Ngāpuhi Treaty settlement set to be major talking point at Waitangi

The long-awaited Ngāpuhi Treaty settlement is set to be a major talking point at Waitangi this year following a groundbreaking report by the Waitangi Tribunal.

The nearly 2000-page document, based on the momentous Te Paparahi o Te Raki Inquiry, recommends the return of all Crown-owned land in Northland to Māori, and urges the Government to enter discussions with Ngāpuhi about constitutional reform.

Evidence for the inquiry was heard more than a decade ago, and lays bare the Crown's extensive Treaty breaches over the northern district.

The Tribunal said following the signing of the Treaty of Waitangi, the Crown overstepped its authority to govern Northern Māori, using aggressive military force and oppressive laws to impose sovereignty.

In the process it stripped Ngāpuhi of land, livelihoods and tino rangatiratanga, ignoring concerns about their Treaty rights being breached, and eventually locking many of them out of participating in a democracy.

"It vindicates what Ngāpuhi have been saying for a long, long time. The primary one being we have not ceded our sovereignty to anyone, particularly the Governent," Pita Tipene of Ngāti Hine said.

It recommends that the Crown enter talks with Northern Māori to potentially re-work the country's constitutional framework to one that acknowledges Ngāpuhi never ceded sovereignty.

"We expect a conversation on kāwanatanga and tino rangatiratanga," Huhana Lyndon of Ngāpuhi said.

"Governments will come and go but ultimately this report provides a platform for us."

While she does have reservations about aspects of the report, Lyndon was hopeful it was only the beginning of much stronger findings and recommendations in further reports expected to be released from the inquiry.

Ngāpuhi is yet to enter Treaty settlement negotiations, but this report provided a benchmark for potential redress.

"The tribes of Whangaroa and Whangārei were left virtually landless because of the acts and omissions of the Crown. That's been really amplified in the report," Lyndon said.

"That's a really important finding that will help the tribes in Whangārei and Whangaroa to work further on what does redress look like.

"Now we expect a conversation on kāwanatanga and tino rangatiratanga."

Treaty Negotiations Minister Andrew Little said he still needed time to fully understand the report and its contents, but was open to discussing the recommendations with Ngāpuhi.

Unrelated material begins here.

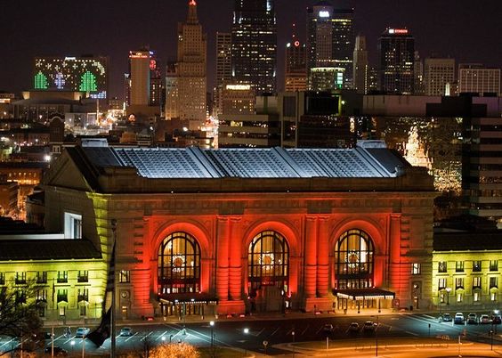 found a whole set of holiday photos of the Kansas City Union Station – here’s a couple. A cityscape of Union Station and downtown Kansas City, MO lit up for Christmas.

"The Crown hasn't neen prepared for any significant constitutional change but we should have a discussion with Ngāpuhi because of the findings that the tribunal have now made."

Māori Crown Relations Minister Kelvin Davis agreed that grasping the report properly would take time, but was confident the Crown was up for challenging discussions, including at Waitangi this year.

"We the debate, its the appropriate place to have the debate, and we look forward to it."